Иное дело с чеченцами. Будучи не по своей воле после завоевания Россией и в особенности
в связи с депортацией ввергнуты в мир российских взаимоотношений и реалий политической
и социальной жизни России, чеченцы остались без выбора. Чтобы выжить и сохранить
себя, им необходимо было по минимуму как можно быстрее научиться жить в непротиворечии
с правилами игры, принятыми в этом новом для них мире, но еще лучше было б научиться
использовать реалии этого мира в своих интересах. А это невозможно без довольно
глубокого проникновения в понимание сути этих реалий, в том числе реалий психологического
плана.
Иллюстрацией сказанному может служить история, происшедшая с одним чеченским уголовным
"авторитетом", которому удалось решить проблему "наезда" на
свою группу другой, существенно большей криминальной группы, возглавляемой "авторитетом"
из русских. Когда чеченского "авторитета" потом спросили, как ему удалось
договориться с русским "авторитетом", он ответил: "Надо знать русских.
Для них главное - не деньги, а справедливость. В этой же ситуации правда была
на нашей стороне, поэтому-то мне и удалось договориться".
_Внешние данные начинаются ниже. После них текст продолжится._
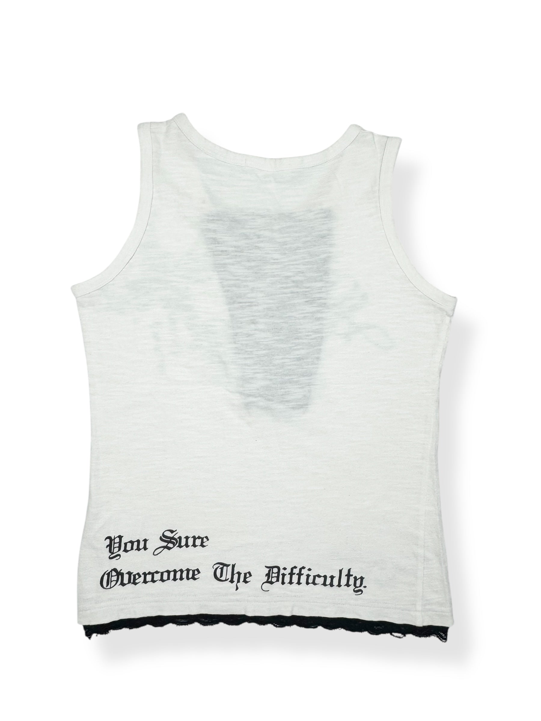 Cute 00s grunge tank in white with black cross and “strength” print🖤Balck lace bust and trim🖤Cute button details🖤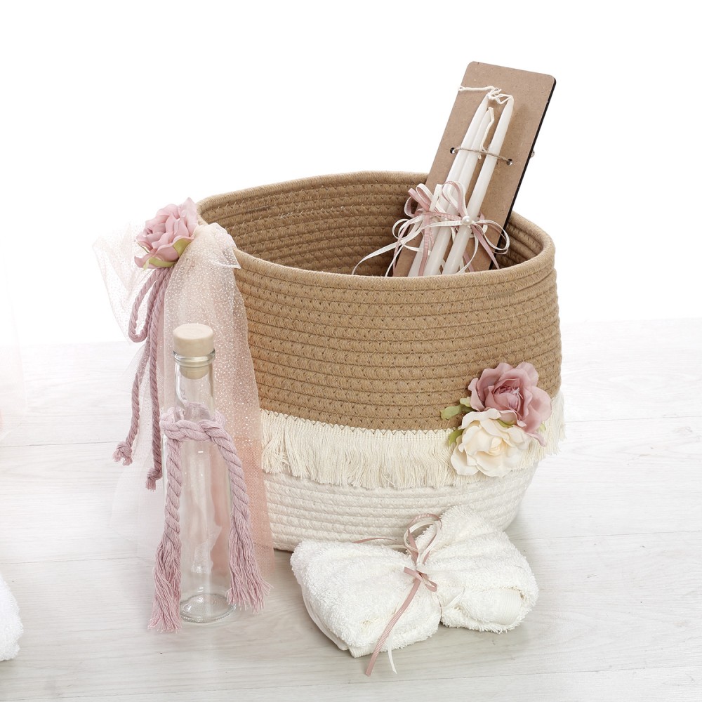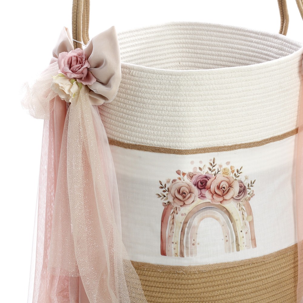 - Πλεκτό καλάθι βάπτισης διακοσμημένο με UV εκτύπωση ουράνιου τόξου, υφασμάτινα λουλούδια, κορδέλες και τούλια. (Διαστάσεις: 50cm x 40cm x 40cm)

Любопытно, что с мнением чеченского уголовного "авторитета" солидарны
некоторые ученые: "Социологические исследования показывают постоянное различие
блоков ценностей и их иерархии у русского и западного человека. Высший блок наиболее
значимых для русского человека ценностей назван блоком справедливости... Идеал
справедливости для русского выше ценности родины, выше ценности труда, а уж тем
более выше свободы, и сам он определяет собой ее суть" (Н.А.Бенедиктов. "Русские
святыни". Н.Новгород, 1998, с.153, 155).
Но как же увязать эти утверждения о "справедливости как высшей ценности для
русского человека" с его поддержкой столь явно антисправедливой политики
России в отношении Чечни и чеченцев?
Я думаю, что однозначного объяснения этого противоречия не существует.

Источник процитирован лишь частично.